Amnesty: Russia may be ‘slowly’ killing Alexey Navalny
FILE PHOTO: A still image taken from video footage shows Russian opposition leader Alexei Navalny, who is accused of flouting the terms of a suspended sentence for embezzlement, inside a defendant dock during the announcement of a court verdict in Moscow, Russia February 2, 2021. Press service of Simonovsky District Court/Handout via REUTERS

Alexey Navalny, the prominent opponent of Russian President Vladimir Putin, is imprisoned in conditions that amount to torture and may slowly be killing him, human rights group Amnesty International said on Wednesday.

Navalny, who last year was poisoned with a military-grade nerve agent, was now being subjected to sleep deprivation and did not have access to a doctor he could trust in jail, it said.

“Russia, the Russian authorities, may be placing him into a situation of a slow death and seeking to hide what is happening to him,” Agnes Callamard, Amnesty International’s secretary general, said ahead of the publication of the group’s annual report.

“Clearly the Russian authorities are violating his rights.
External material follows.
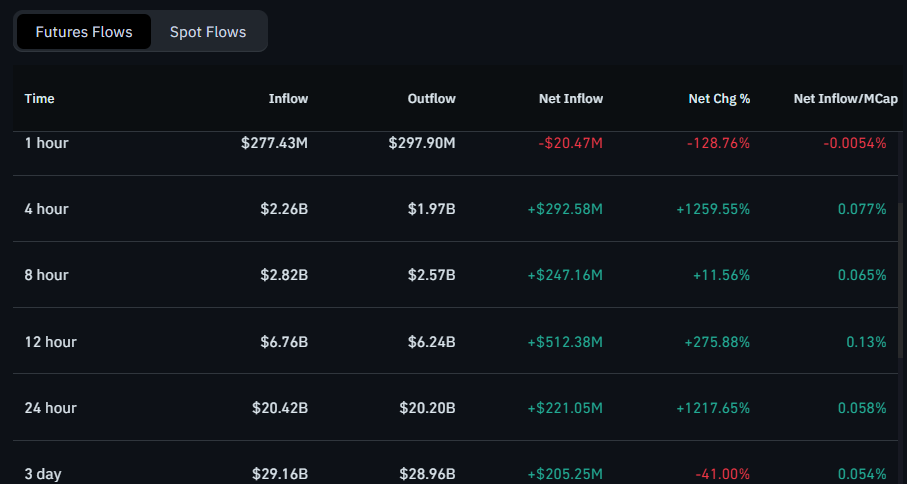 3日間データでは、$29.16Bの流入と$28.96Bの流出により、$205.25Mの純流入が見られます。しかし、このデータは-41.00%の変化を示しており、短期の期間と比べて純流入のペースが鈍化していることを反映しています。
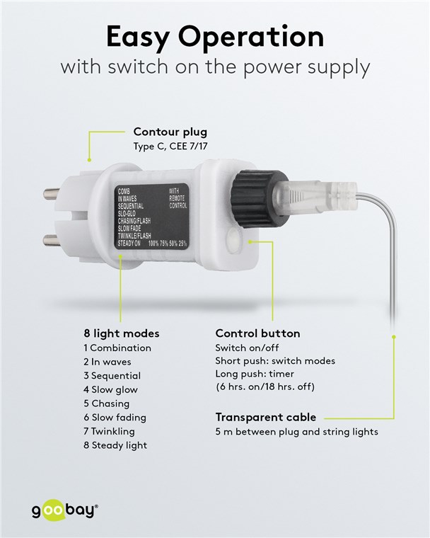 • Adapter wtyczki z 8 trybami (kombinacja, fala, sekwencyjny, powolne świecenie, szybka zmiana, powolne ściemnianie, migotanie, ciągły), timer 6 godz. włączony / 18 godz. wyłączony i funkcja pamięci

We have to do more,” she said. “[They] have already attempted to kill him, they are now detaining him, and imposing prison conditions, that amount to torture.”
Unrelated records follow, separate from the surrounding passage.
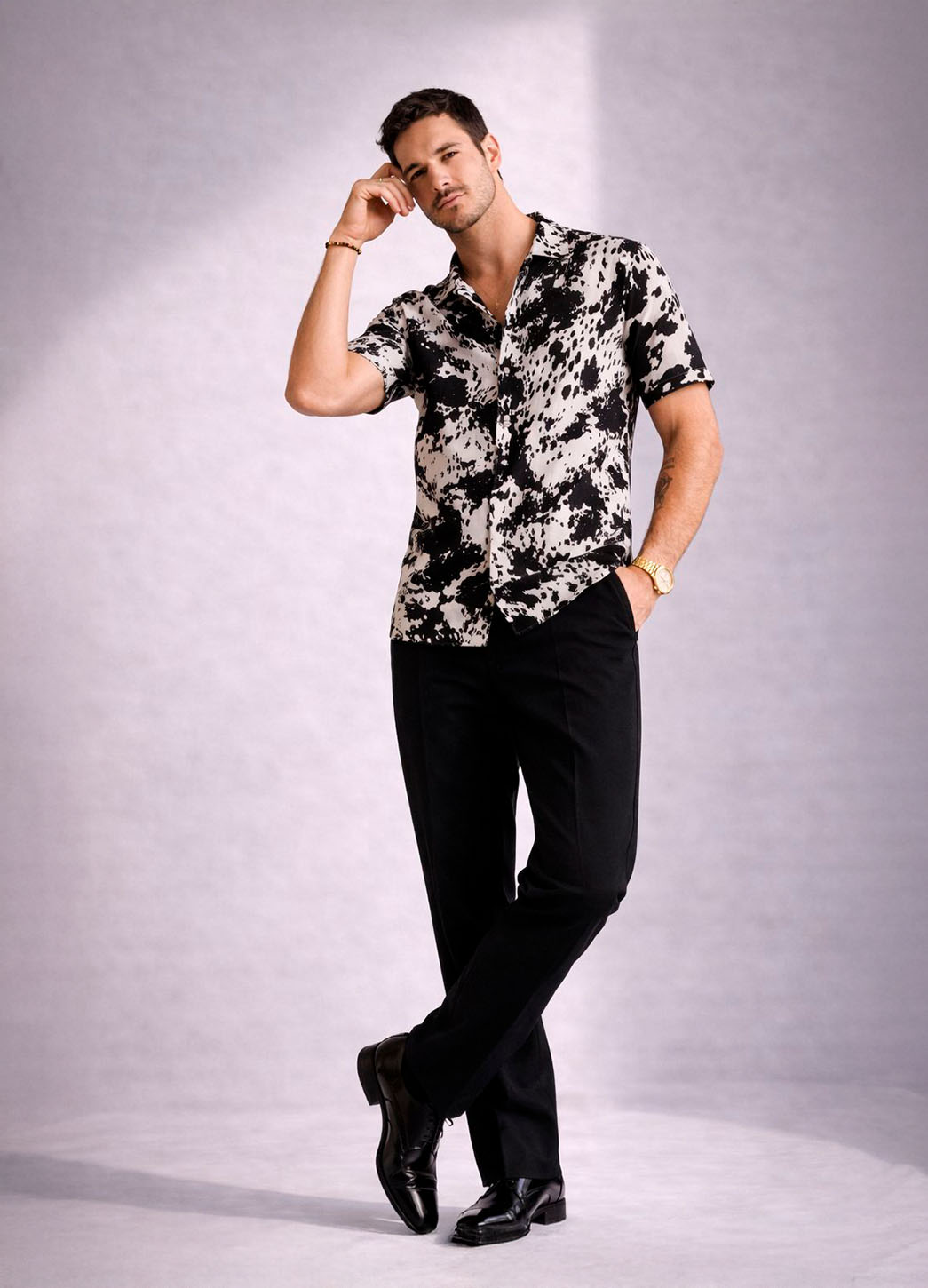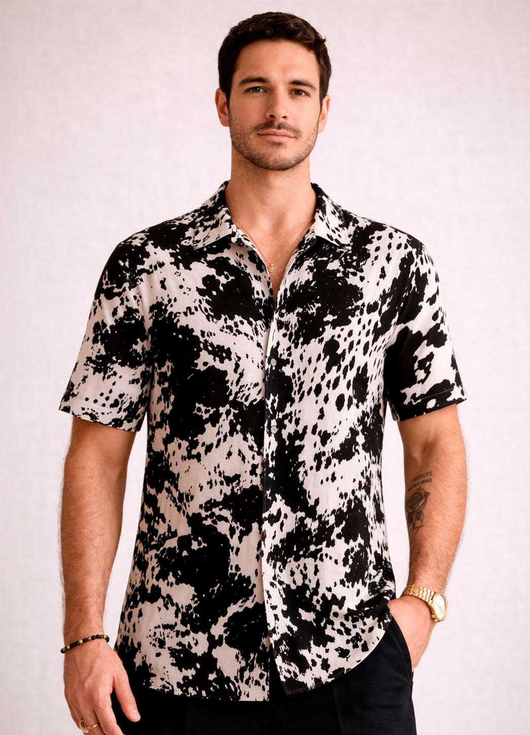 Camisa para hombre con diseño clásico reinterpretado en un estampado abstracto en blanco y negro que aporta un estilo moderno y llamativo. Confeccionada en tela ligera y transpirable, ofrece frescura y comodidad durante todo el día, ideal para climas cálidos o salidas nocturnas.
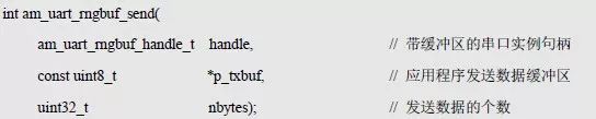其中, p_dev 為指向am_uart_rngbuf_dev_t 類型的帶緩沖區(qū)的串口實例指針,在使用時,只需要定義一個am_uart_rngbuf_dev_t 類型(am_uart_rngbuf.h)的實例即可:
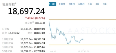 【港股半日速報】港股升49點分享到:
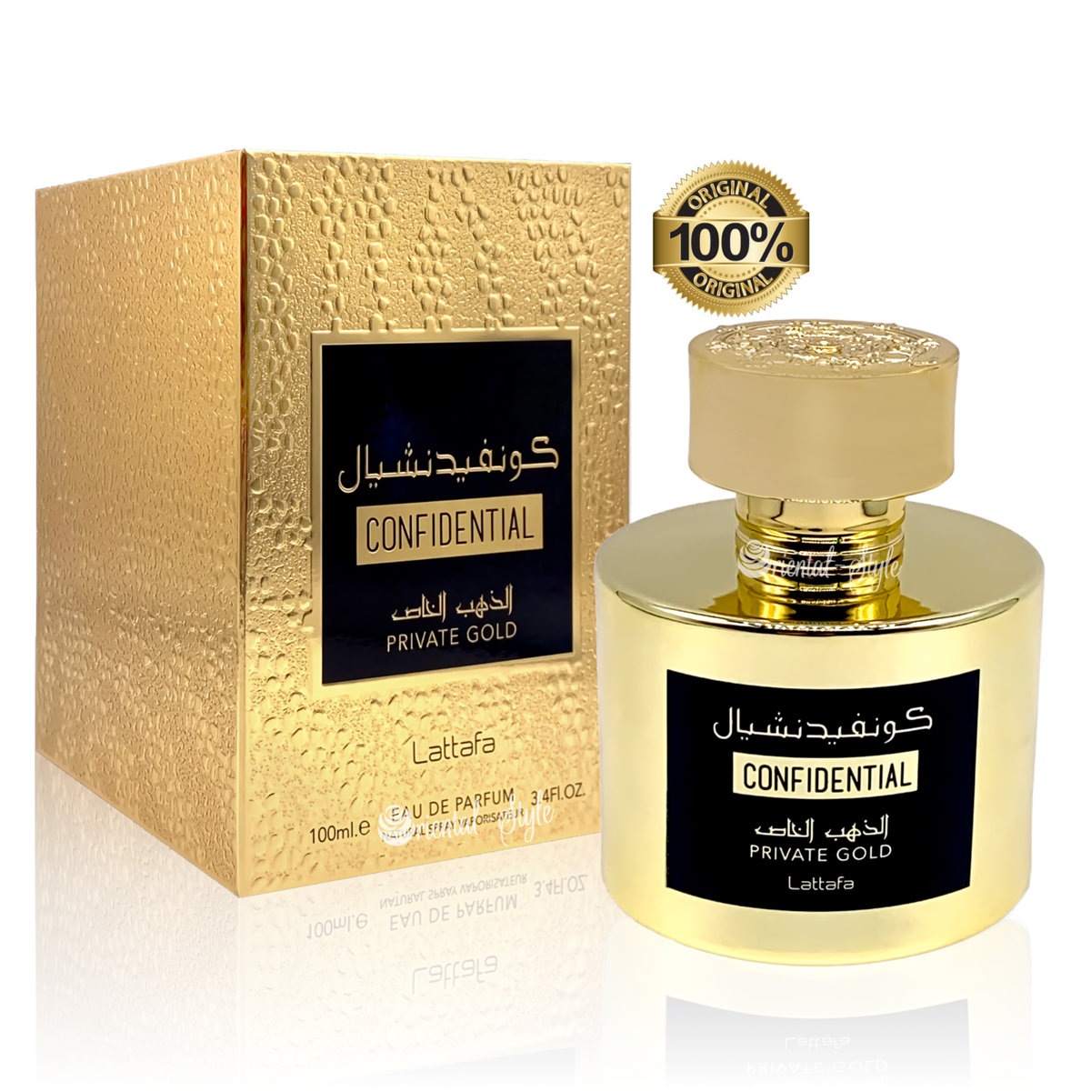 Lattafa Perfumes Confidential Private Gold for Unisex Eau de Parfum Spray, 3.4 Ounce

Navalny went on a hunger strike last week in an attempt to force the prison holding him outside Moscow to provide him with proper medical care for what he said was acute pain in his back and legs.

‘State-sponsored repression’

The Kremlin has declined to comment on his health, saying it is a matter for the federal penitentiary service. The penitentiary service last week said the 44-year-old was receiving all necessary treatment.
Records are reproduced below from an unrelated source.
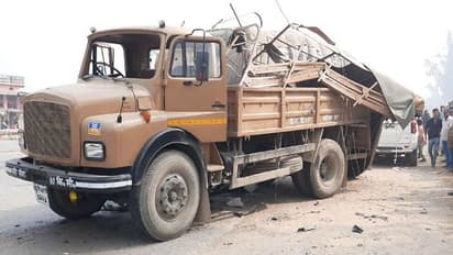 गलत दिशा से आ रहे ट्रक ने पीएसी गाड़ी में मारी टक्कर, एक जवान की मौत-4 की हालत गंभीर
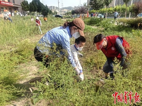 9月10日,兰州热心市民参与蒿草清除志愿服务活动。中青报·中青网记者 王豪/摄
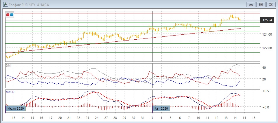 На четырёхчасовом графике пара почти достигла цели измеренного движения 127, равного ширине диапазона 124,35-125,65, после выхода из него вверх. 12 июля. При откате верхняя граница диапазона 125,65 может выступить поддержкой. При преодолении уровня 125,65 снижение может продолжиться до следующей сильной поддержки на 124,25. Сейчас снижение остаётся в пределах коррекционного, и тенденция роста не поменялась.
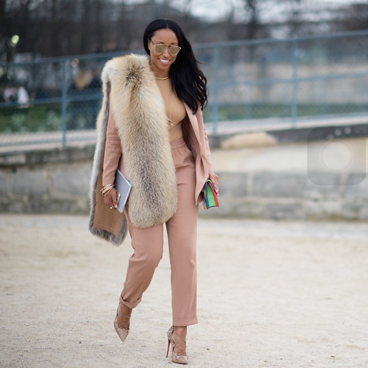 There’s something about a nude pallet that adds chicness to a winter wardrobe. Add a couple key nude pieces to your closet and watch how easily these pieces transition from outfit to outfit. If you’re trying to make a real statement do a full nude outfit like the one below, accessorize it with a faux fur scar to really warm it up.

Navalny was jailed in February for two-and-a-half years for parole violations that he called politically motivated.

Moscow, which has cast doubt over his poisoning, paints Navalny as a Western-backed troublemaker bent on destabilising Russia.

Callamard said Navalny’s ill-treatment came at a time when the COVID-19 pandemic had exacerbated inequalities and increased state-sponsored repression in some countries.

Certain governments had used the pandemic against minority groups to repress dissent and human rights, while in other countries there had been a near-normalisation of emergency measures that restricted civil liberties, she added.

“COVID has amplified oppression,” Callamard said.